I’m encouraged here at the end of 2012 that things might be better than they were when this survey was done. I certainly hope I’m right about that. But these number are still staggering. 30% of patients [adults and children] were given antipsychotic prescriptions in the survey weeks between 2005 and 2009! 63% of the antipsychotic visits in children were for disruptive behavior! 94% of antipsychotic visits were off label in children! 71 % off label in adults! Polypharmacy for the majority on antipsychotics!

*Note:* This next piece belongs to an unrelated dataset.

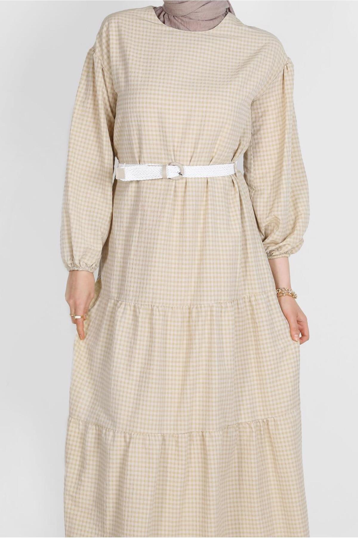 خرید اینترنتی لباس مجلسی طرحدار چهارخانه با کمربند، کد ۴۲۶۱۳ برند آلوینا Alvina اورجینال از ALVİNA نمایندگی ترکیه
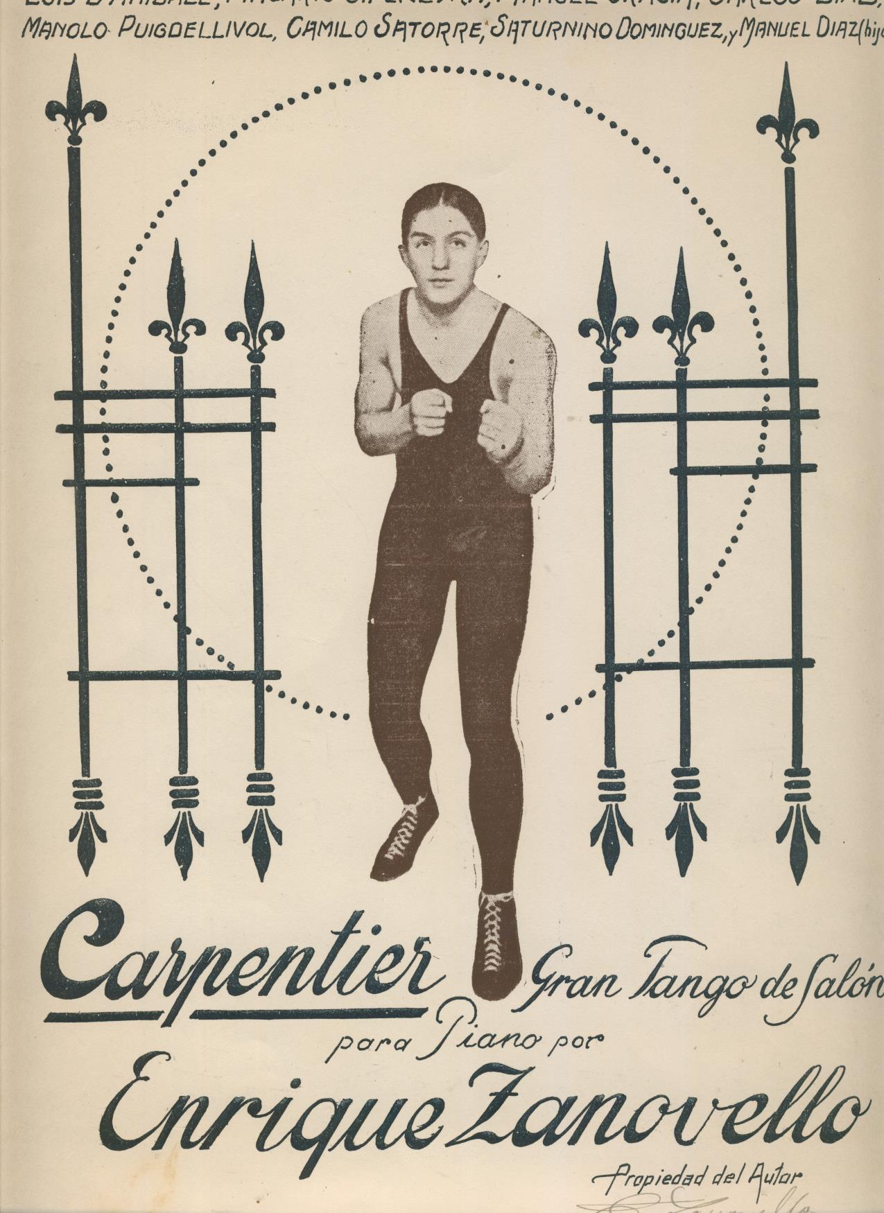 Musical score for a "Gran Tango de Salon", presumably based on the life of Georges Carpentier, and performed on the piano by Enrique Zanovello. Carpentier is seen in fighting pose to front. Signed on the front by Zanovello.

Simply decrying these numbers isn’t enough. I’m not even sure writing about them day after day makes a dent in the problem, but frankly I don’t know what else to do. I do know that every time I see an article in the press, or a new book comes out, or another pharmaceutical suit is settled, I think that more kindling is laid for reform. And I’m encouraged when I see an article like this one in the peer reviewed literature. So I take my solace in Dr. Ben Goldacre’s comment at the end of his Ted talk [something of value…], "Sunlight is the best disinfectant"…
    Steve Lucas
    December 13, 2012 | 8:40 AM

    You are making a dent. A friend is a pediatrician and becomes very upset when I talk medicine in the terms outlined by this article. There is the ego that says I, a mere mortal, cannot understand the pressures of a modern medical practice. I being a mere mortal remind them this is about numbers and business, and I am very good at business.

    The good news is this reinforces this doctor’s desire to stay out of prescribing for behavior problems. Sadly, a large number of prescription request come from school teachers who just do not want to deal with a bored energetic child.

    Sometimes you make my head hurt with the math, and I have to go back and review some old concepts, but the effort is worth it. There is stuff here I will never see anyplace else, and I am able to engage in a more robust discussion of the pharma/medical complex because of it.

    Steve Lucas

    Bernard Carroll
    December 13, 2012 | 9:22 AM

    Well, it’s not like this is surprising information… it says that Pharma marketing achieved what it set out to achieve – to expand the niche for antipsychotic drugs in NONPSYCHOTIC patients. Did you see those numbers, by the way, for anxiety disorders!

    The game plan was to expand the niche and to hell with the downside in tardive dyskinesia and metabolic syndrome and diabetes mellitus. They counted on venal KOLs like Charles Nemeroff and his ilk to pull this off, and they succeeded. Here are some warning links going back a few years now: here and here and here. Readers might also check out PubMed IDs 19142117 and 20123926.